Hamilton, Haeggman wins a bolt from the blue
Last weekend's tournaments were down the pecking order but yet again the champions of the Honda Classic in Florida and the Qatar Masters came out of the blue.
Journeyman Todd Hamilton triumphed in the Honda Classic on the US Tour. In Europe, Joakim Haeggman, the first Swede to play in the Ryder Cup in 1993 but so much out of the picture subsequently that he was one of Sam Torrance's backroom boys at The Belfry in 2001, captured the Qatar Masters.
Hamilton's was the more extraordinary result. At least we had heard of Haeggman. Nobody seemed more bemused than Hamilton as he confessed: "A guy plays his rear end off for a year and then a guy plays his rear end off for a week and gets the same amount of money. It's crazy."
Hamilton was referring to the fact that he had his best ever season in Japan in 2003 and made a shade more than the $900,000 he picked up for his win in the Honda over a single weekend.
Clearly, it was taking a while for it all to sink in for a man who grew up in Biggsville, Illinois, a little town of 1,500 people. There were only 300 students in the local school and Hamilton acknowledged that there wasn't "much going on back there". So he hightailed it out of Biggsville at the age of 26 and moved to Dallas, unable to get on to the US Tours but making "a nice living in Asia". All he wanted was to play golf and he didn't much mind where.
At long last, a visit to the US Tour School in the autumn opened up the opportunity of playing his home circuit and it all slotted into place at the weekend. Having led by four with a round to go, Hamilton stood on the 17th tee on Sunday at 10 under par. A glance at the leaderboard told him that Davis Love III was 11 under. His lead, and almost certainly a rosy future, were gone unless he did something dramatic.
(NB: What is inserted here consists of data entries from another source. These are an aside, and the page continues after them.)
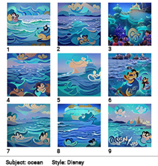 SUBJECT with a STYLE style — Example: Ocean with a Disney art style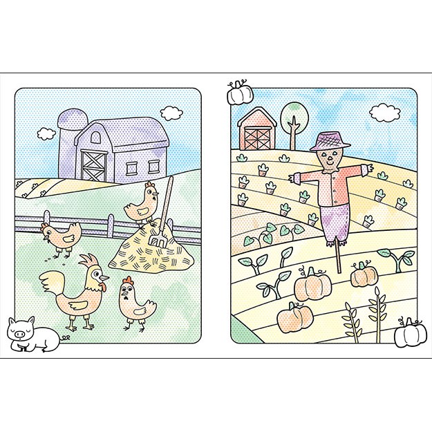 Omalovánky obsahují 23 kouzelných obrázků, k jejichž vybarvení stačí dětem pouze štětec a pár kapek vody. Stránky obsahují barevné tečky, které po rozetření obrázek probarví.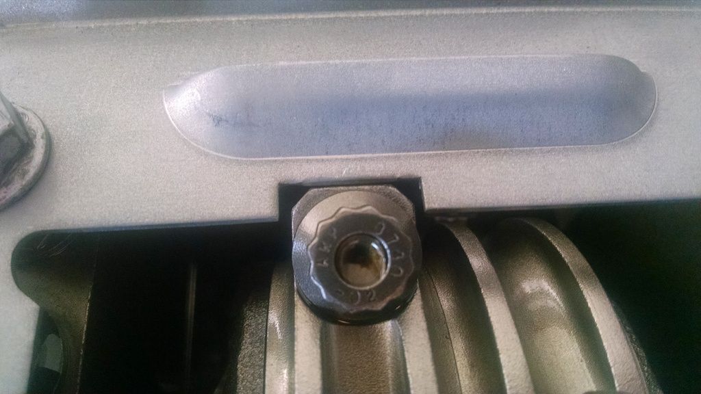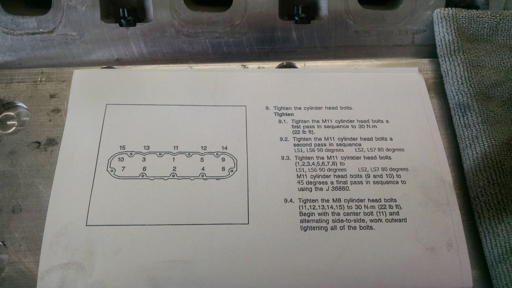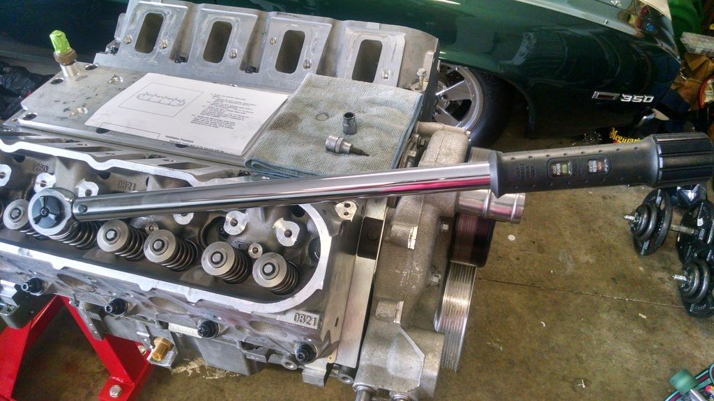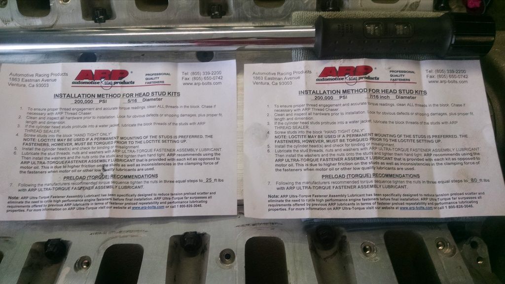 ARP says to put their assembly lube on the threads, both sides of the washers, and the bottom side of each nut. http://i632.photobucket.com/albums/u...nstall/266.jpg http://i632.photobucket.com/albums/u...nstall/268.jpg http://i632.photobucket.com/albums/u...nstall/267.jpg Once that's done, it's time to start the torque sequence. ARP calls for 80 pds on the large studs and 25 on small ones, done in a series of 3 steps. I started the large studs at 28, then moved to 56, then finally to 80. The smaller, I started at 8, then 16, then finally 25. http://i632.photobucket.com/albums/u...nstall/271.jpg Using the following torque sequence obtained from Lingenfelter, I began the process. http://i632.photobucket.com/albums/u...nstall/270.jpg http://i632.photobucket.com/albums/u...nstall/269.jpg http://i632.photobucket.com/albums/u...nstall/273.jpg http://i632.photobucket.com/albums/u...nstall/272.jpg And, after about two hours, the finished product. http://i632.photobucket.com/albums/u...nstall/274.jpg |

He got the birdie he needed at the long 17th with a 12 foot putt that tied it up and he then hit a cracking drive down the last.
"I birdied it on Saturday with an eight iron from 160 yards and I had the same club again so I was confident," Hamilton explained. "I was trying for the first third of the green to give myself a chance but the ball drifted left in the wind and when I heard the crowd hollering, I knew it must be pretty close." He then experienced the kind of anguish that every golfer, from hacker to pro, knows only too well. Your ball looks stone dead from a distance but as you draw closer it seems to get further and further away from the flag! When he reached the green, he realised it was no tap-in but he had a few strange ways of coping with the pressure.
"I bit my lip a couple of times to settle myself", he said. "I was feeling a little emotional and I did it to wake myself up. It was a good bite but I don't think I drew blood.
"Then I just pictured when I was a kid how I used to putt in the house to the table leg. I just pictured the hole as a table leg and I hit the table leg."
The rewards for Hamilton's amazing victory are innumerable among them, a near three-year exemption on the US Tour, a place in next week's hugely lucrative Players Championship at Sawgrass, followed by the Masters at Augusta in April.
In Europe, Joakim Haeggman won't enjoy those kinds of privileges for winning in Qatar although he has at least clinched his playing privileges for the best part of three years. Not for him the Players or the Masters, just the satisfaction of proving to himself that he could still compete meaningfully after being a virtual non-entity since his last victory back in 1997.
Their respective successes have also done wonders for their world rankings. Hamilton has been bumped up 58 places to 38th while Haeggman improved by exactly 100 spots to 123rd. The Swede is now talking in terms of regaining his Ryder Cup place and promises never to try ice hockey again after breaking his leg in December 2002 and dislocating his shoulder and breaking ribs in 2004!
This week the European Tour goes even further afield to Singapore for the Caltex Masters with the field headed by Colin Montgomerie and containing two Irishmen, Paul McGinley and Peter Lawrie.